Kafka 4.3: OAuth assertions, share groups, tiered bootstrap

Stéphane Derosiaux May 23, 2026 10 min read
Kafka 4.3: OAuth assertions, share groups, tiered bootstrap

Apache Kafka 4.3.0 was just released. 25 KIPs, mostly polish across broker, KRaft, and Kafka Streams. Nothing extraordinary, but necessary. In this article, I want to address three of those KIPs. You'll care about them if you run Kafka with OAuth, if you've looked at SQS to get queues, or if you run tiered storage.

  • KIP-1258: OAuth client_credentials with client assertion. No more long-lived client_secret strings in your producer configs.
  • KIP-1240: Share groups configuration. The queue semantics on Kafka are getting better, which helps AI agents running on Kafka.
  • KIP-1023: Follower fetch from the last tiered offset. Some hidden waste in tiered storage finally addressed.
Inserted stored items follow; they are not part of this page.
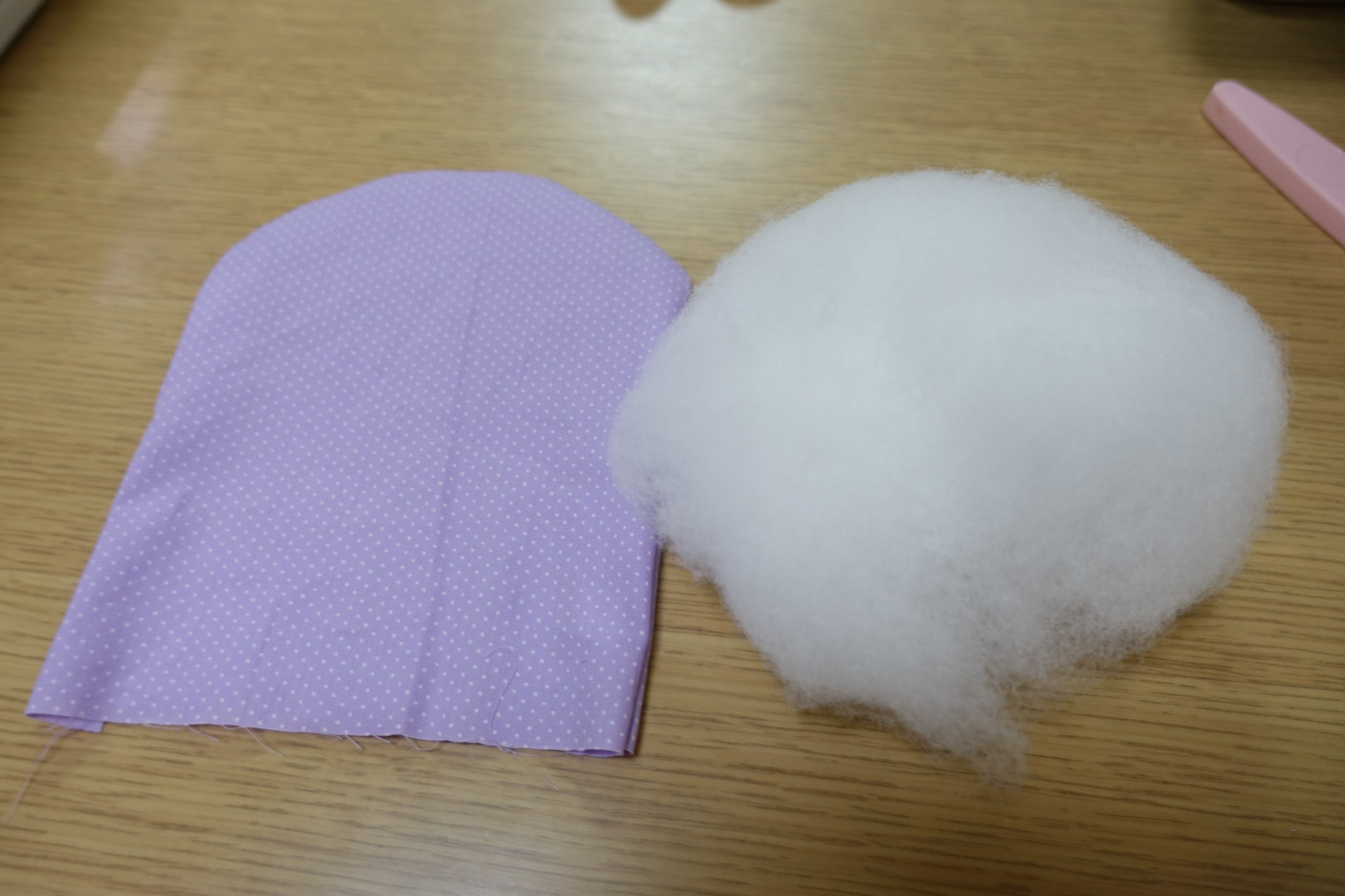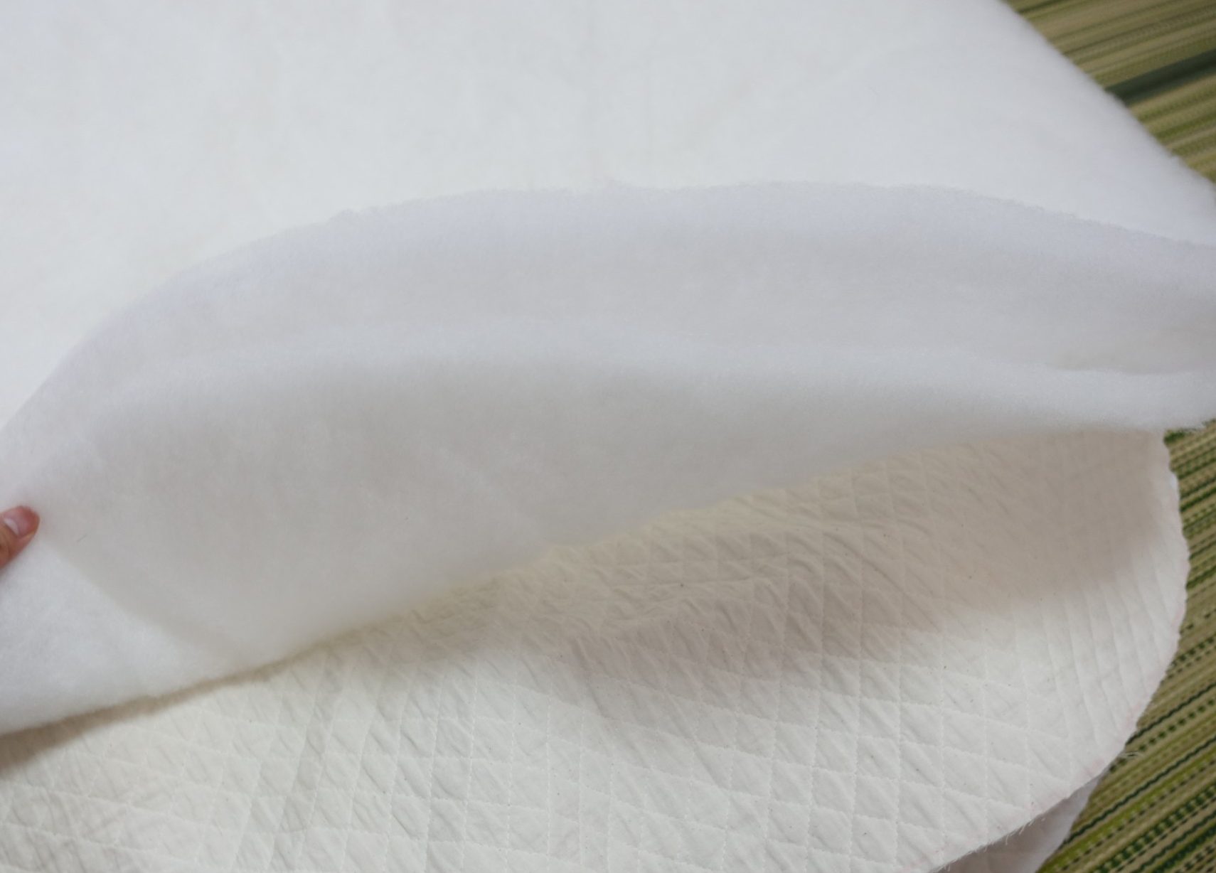 片面接着芯、もしくはキルト芯(ドミット芯)でもOKですが、私はもっとボリュームが欲しかったのでこのような綿状の布にしました。
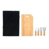 Conjunto com tábua em bambu; Duas facas, uma espátula e um garfo para Queijos em madeira/inox.
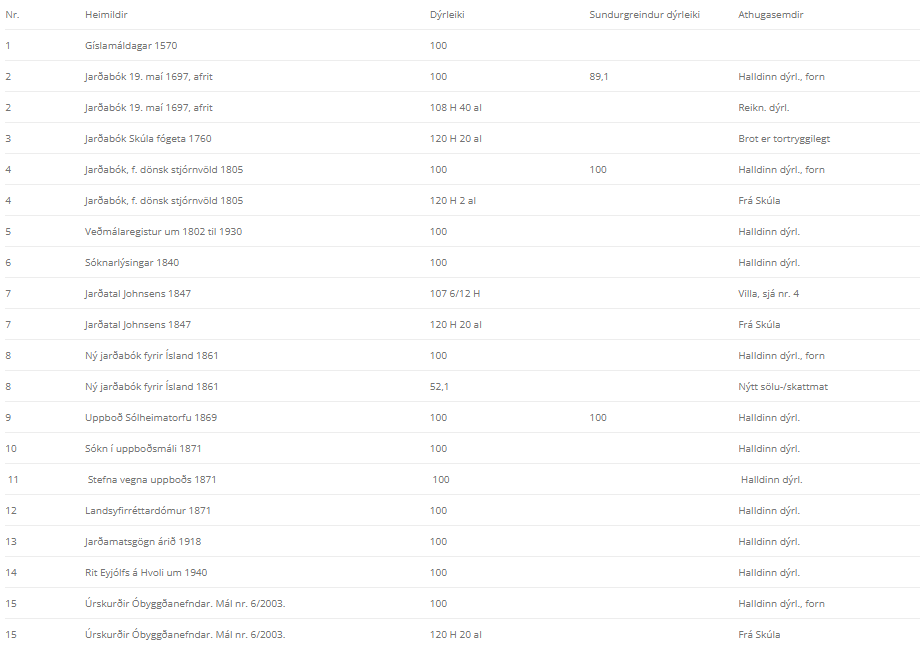 Athygli vekur að jörðin Ytri-Sólheimar 3a er skráð með sama land- og hlunnindaverði eins og í úrskurðinum frá 18. des. 1970. Samræmið í töflunum er sláandi. Enginn vafi er á að eigendur Ytri-Sólheima 3 hafa verið rændir hluta af eigum sínum.
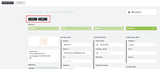 When you open an Order, you will see all associated Order Tags listed along the top of the page.
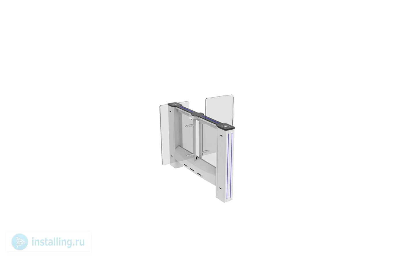 Центральный модуль распашного турникета. Светодиодные указатели прохода и направления. Корпус - нержавеющая сталь. Сервопозиционный электропривод створки с определением препятствий и автоматической разблокировкой при отключении электроэнергии. Створка из 10 мм закаленного стекла. Ширина прохода 900 мм. Высота створки 1200 мм. Время открытия 2.2 сек. Встроенный блок питания. IP44.

KIP-1258: secret-less OAuth with client assertions

Kafka supports SASL/OAUTHBEARER since KIP-255 (Kafka 2.0), and the client_credentials flow since KIP-768 (Kafka 3.1). The flow is rather simple: the client sends client_id and client_secret to the OAuth token endpoint (HTTP Basic (base64-encoded) or POST), gets back an access token (often a JWT, but to be treated as opaque), and uses it to authenticate to the broker.

Simple, that works. But it's also a security liability.

client_secret is a long-lived shared secret. Talk to your security team, that's quite bad. Worse, it's probably stored in your producer's properties file/config. If (when) leaked, this gives an attacker your identity until you rotate it (supposing you know it happened and you have to rotate it).

Rotating that secret requires you to update every client using it. Maybe one application, maybe several. And who knows where else these credentials ended up? Without even mentioning the Kafka tooling where we happily put application service account secrets. Secret managers like Vault/KMS help, but the issue is still "a string that proves I am me". We know it, but we do it anyway "yeah, we know, we'll fix it later".

KIP-1258 finally fixes that. It replaces the shared secret with a signed JWT assertion. Not to be confused with KIP-1139 added in Kafka 4.1: the jwt-bearer grant, where you exchange a JWT your identity provider already issued for an access token, instead of signing one yourself.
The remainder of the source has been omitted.